在检查粗体时从 HTML 文件中提取所有文本（Python）

Question

输入：任何包含粗体和非粗体文本的 HTML 文件，分布在不同类型的标签中（例如<div>, , , , <td>等）

期望的输出：一种数据结构（例如数据框或字典），它允许我收集 HTML 文件的所有文本元素，以及某个标签中的文本元素是否为粗体的信息。 例如：

data = {'Text': ['bold text (1)', "text (2)", "text (3)", "bold text (4)"], 'Bold': ["yes", "no", "no", "yes"]}
df = pd.DataFrame(data)

注意：据我所知，粗体文本可以位于两个...标签之间，也可以与任意标签一起使用，属性为 style="font-weight:700;" 或 style="font-weight:bold;"，例如... 。
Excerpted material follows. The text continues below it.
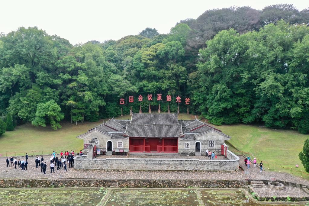 游客在福建省龍巖市上杭縣古田鎮(zhèn)古田會議會址參觀(2021年5月9日攝,無人機(jī)照片)。新華社記者姜克紅攝

可重现的示例：这是我的示例 html 文件，其中包含 15 个文本元素，其中 4 个为粗体：

<html><head><title>text (1)</title></head><body><div>text (2)</div><div>text (3)</div><div><span>text (4)</span></div><div>text (5)</div><div><span>text (6)</span><span>text (7)</span></div><div><span style="font-weight:bold;">bold text (8)</span></div><div><span>text (9)</span></div><div><span style="font-weight:700;">bold text (10)</span></div><div><span>text (11)</span></div><div><span><b>bold text (12)</b></span></div><div><span>text (13)</span><span><a href="www.google.de"><b>bold text (14)</b></a></span></div><div><span>text (15)</span></div></body></html>

我想出了如何用漂亮的汤来获取所有的文本元素......

from bs4 import BeautifulSoup
with open(html_file, 'r') as f:
    # create soup object of .html file
    soup = BeautifulSoup(f, 'html.parser')
    soup.findAll(text=True, recursive=True)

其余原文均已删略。